Mariska Hargitay Mariska Hargitay

Hitting the 300-episode benchmark is an impressive achievement for any series, but by the standards of the Law & Order franchise, SVU still has a ways to go before it approaches, let alone overtakes, the longevity of the still-missed mothership, which clocked more than 450 hours before NBC's abrupt pulling of the plug two years ago.

SVU's best days (i.e., the Benson-Stabler era) are decidedly in the rear-view mirror, and that's where tonight's episode No. 300 (9/8c) looks. We get glimpses of a younger Benson (Mariska Hargitay) and Munch (Richard Belzer) as their present-day versions reflect on a missing-child cold case from 1999 (SVU's premiere year) that shares unmistakable similarities with a current child abduction. How times have changed, and how they haven't, as the transitional Morningside Heights neighborhood (bordering Harlem) still features a wall-sized mural in memory of the missing boy from 13 years ago.
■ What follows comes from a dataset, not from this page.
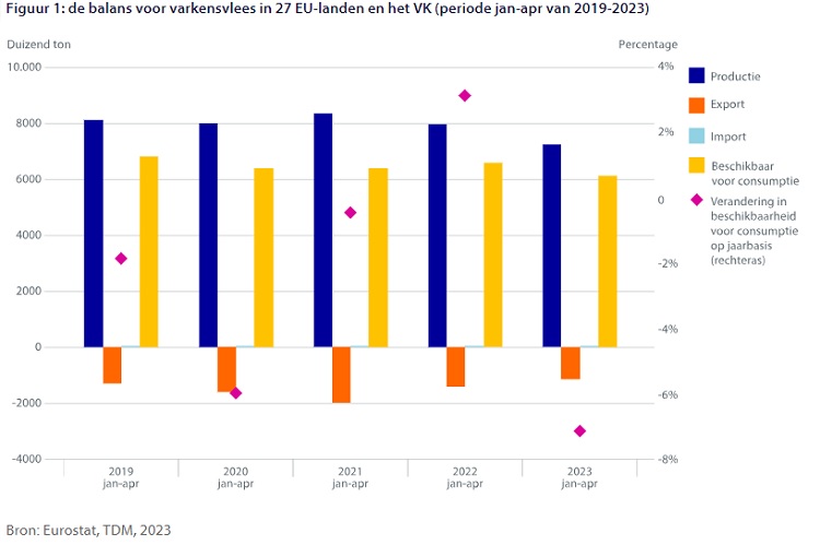 Het volume van varkensvlees dat beschikbaar is voor consumptie binnen Europa, is met zeven procent fors gedaald in de periode januari t/m april 2023 ten opzichte van dezelfde periode vorig jaar, zie de onderstaande figuur. Daarnaast nam ook de export af met 18 procent.

Is it a coincidence that the newly missing kidnap victim is the son of a real-estate scion (Hamish Linklater) directly responsible for the shifting demographics of this hood?

Less sordid than the SVU norm, but no less impassioned in its zeal for protecting innocent victims, this episode benefits from a tangible understanding of life in this city and how a community (and police department) can be haunted for years by a senseless crime.